Samsun Balık Haline girişimizle çıkışımız bir buçuk saat sürdü. Bir buçuk saatte 8-10 çeşit balık ayrı ayrı mezatlara girilip alındı, (Buradan, alış-verişe giderek 2-3 saat bir şey beğenemeden dükkanlardan eli boş çıkan bayanlar geldi aklıma sinir oldum onlara) kasalar komyonete yüklendi, kamyonetin brandası çekildi.
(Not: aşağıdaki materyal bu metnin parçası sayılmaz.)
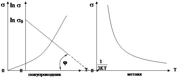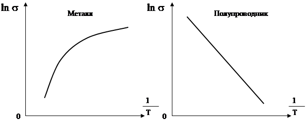 2. Различие полупроводников и металлов проявляется в характере зависимости электропроводности от температуры.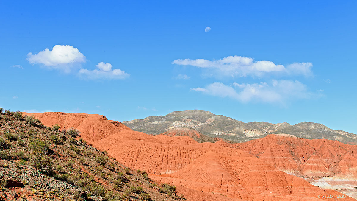 Los planos muy atractivos Graciela, las nubes aportan interés en ese cielo con un color muy bien controlado, bello el detalle de la luna. En mi monitor veo líneas horizontales quizás producto de edición y rojo de los cerros algo sobresaturados. En el contorno de los cerros también se aprecia una luminosidad quizás producto de edición. Como sea ... una imagen muy bella y de mucha energía. Saludos!!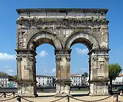 Als hoofdstad van de grootste provincie van Gallia is Saintes begiftigd met een groot aantal monumenten: een amfitheater, een stadspoort, de Boog van Germanicus, die op de toenmalige brug over de Charente stond, de thermen van Saint-Saloine en een Romeins aquaduct.

Kalabalığın içerisinden hızla uzaklaşılarak dağ ve köy yollarına sapılarak, dağ ve köy yollarına sapmamızın nedeni, çevirme yapıp bekleyen Pls, Jndrm, ağırlık kontrol noktaları, kantarlar, maliye ekipleri gibi kolluk kuvvetlerinin kucağına düşmemek içindir.        
Bütün bu, rüya gibi geçen kısa bir zamandan sonra, Samsun'dan çıkarak Çorum yoluna düşüş, Kavak, Havza ve Merzifon ilçeleri geçilip Çorum il sınırına girişte hava aydınlanmaya başlamıştı...

Haa, unutmadan söyleyeyim, bu akşam bol bol balıkla rakı var. Canı çeken gelsin:)

4 yorum:

Jardzy dedi ki...

Keşke gelebilseydik. Nasıl deniz balığı istiyor canım anlatamam.

Sığacık'ta mezata şahit olmuştum, sadece 1 kere.

ÇAĞATAY dedi ki...

J. Arkadaşım, inan canınızın çekmesi beni üzdü. Bir formül bulabilsem keşke...

fermina daza dedi ki...

babam da bazen kalkıp gider balık mezatına izmir'de, eğlenceli bi şey anlaşılan :) ben balık yemiyorum ama rakı içip roka yerim :)

ÇAĞATAY dedi ki...

F.D. Hanım, gerçekten seyredenler için çok eğlenceli, her gün orada bulunsam hiç sıkılmam.